Python: "if i.find('a')['id'] is not None:" returns TypeError 'NoneType' object is not subscriptable, but print() returns a value


What I'm trying to do:

I'm trying to write a script that scrapes a website for product information.

Currently, the program uses a for-loop to scrape for a product price and a unique ID.

The for-loop contains two if-statements to stop it from scraping NoneTypes.

import requests
from bs4 import BeautifulSoup


def average(price_list):
    return sum(price_list) / len(price_list)


# Requests search data from Website
page_link = 'URL'
page_response = requests.get(page_link, timeout=5)  # gets the webpage (search) from Website
page_content = BeautifulSoup(page_response.content, 'html.parser')  # turns the webpage it just retrieved into a BeautifulSoup-object

# Selects the product listings from page content so we can work with these
product_listings = page_content.find_all("div", {"class": "unit flex align-items-stretch result-item"})

prices = []  # Creates a list to add the prices to
uids = [] # Creates a list to store the unique ids

for product in product_listings:

## UIDS 
    if product.find('a')['id'] is not None:
        uid = product.find('a')['id']
        uids.append(uid)

# PRICES
    if product.find('p', class_ = 'result-price man milk word-break') is not None:# assures that the loop only finds the prices
        price = int(product.p.text[:-2].replace(u'\xa0', ''))  # makes a temporary variable where the last two chars of the string (,-) and whitespace are removed, turns into int
        prices.append(price)  # adds the price to the list

The problem:

On if product.find('a')['id'] is not None:, I get a Exception has occurred: TypeError 'NoneType' object is not subscriptable.

Whoever, if I run print(product.find('a')['id']), I get the value I'm looking for, which make me really confused.
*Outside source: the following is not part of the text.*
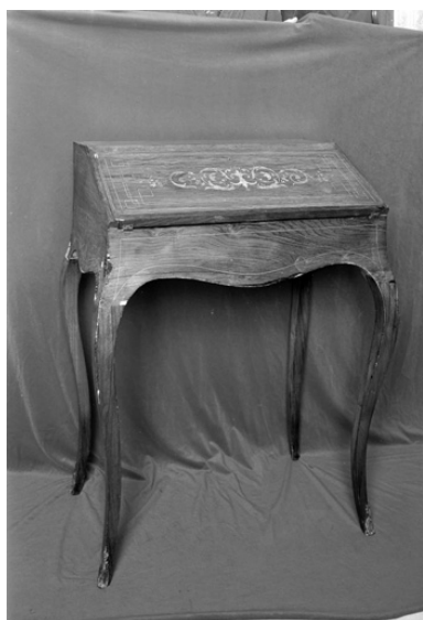
Secrétaire, début XIXe siècle. IVR22_19930202073X

Don't that mean that the error is not a NoneType?

Also, if product.find('p', class_ = 'result-price man milk word-break') is not None: works flawlessly.

What I've tried:

I've tried assigning if product.find('p', class_ = 'result-price man milk word-break')to an variable and then running it in the for-loop, but that did not work. I've also made my fair share of googling, but to no prevail. The problem there might be that I'm relatively new to programming and don't know exactly what to search for, but I've still found a lot of answers that seem to be to related problems, but that won't work in my code.

Any help would be greatly appreciated!


Solution

  • Just make an intermediate step:

    res = product.find('a')
    
    if res is not None and res['id'] is not None:
        uids.append(res['id'])
    

    That way, if find returns None because the item was not found, you will not end up trying to subscript NoneType.